The human mind has a part called the animal brain or the survival brain that is similar to that of the animals and when one is faced with danger, or problems or is deeply depressed, then that part of the brain can be activated.

That person may commit a crime in such a cruel way that leaves everyone shocked, and even people around them may say they never thought or imagined such a person could do something of that magnitude.

At that time, their brain is no longer human (one that may question itself about the consequences, like if I do this, what will happen later, or what will be the aftermath) because the human brain is usually unable to function normally when the animal brain is activated.

It is therefore important as Kenyans to begin to understand the signs that one could be going through mental turmoil to help them seek help by observing the way they dress, eat or relate with other people when there are changes, the family should immediately initiate talks with them and help them before the condition escalates.

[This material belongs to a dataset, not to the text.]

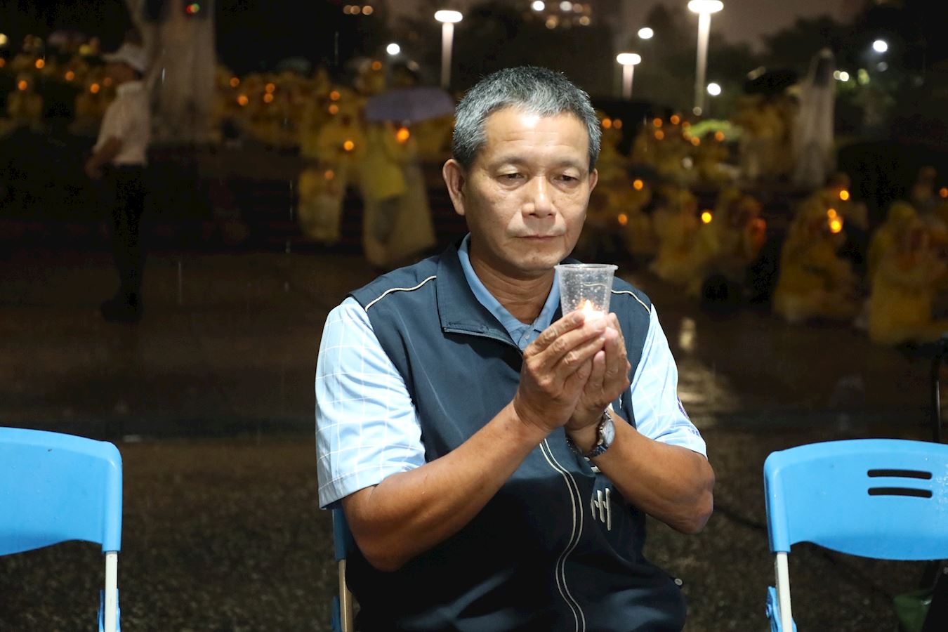 ![]() 图7:台中市议员刘士州手捧烛光,与现场学员一同悼念受迫害致死的学员。 |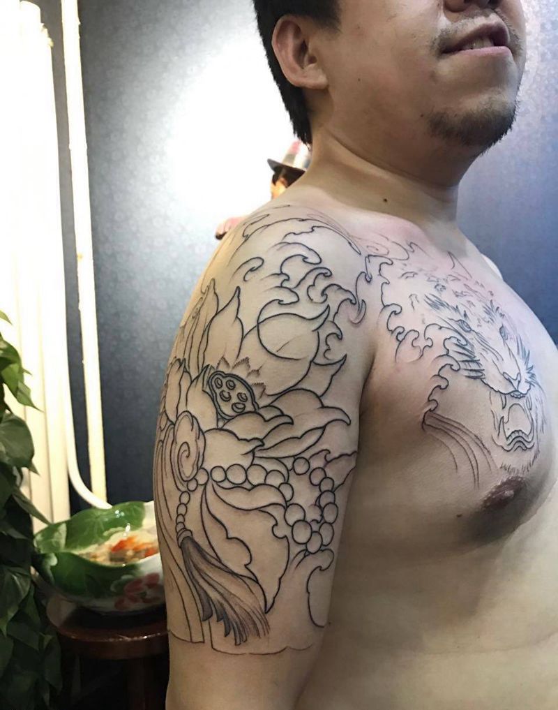 一组15张莲花纹身手

Even colleagues at work can observe each other and if one begins changing, they may help them; one can change how they dressed, come to work late, come to work drunk, talk back to their bosses or even miss work without a good reason, especially if they valued their work before.

There is mental illness at Shakahola because the leader and his followers could be mentally ill.

The World Health Organization has a manual for psychological first aid, so the families and followers of the Malindi cult should be taken through psychological first aid.

Not just the families or other followers of the church only, but everyone that has been involved especially the young men doing the exhumation of the bodies, the government officials such as the DCI and the police officers, the journalists and the human rights activists at the Shakahola site and should not be let to go home without the counselling.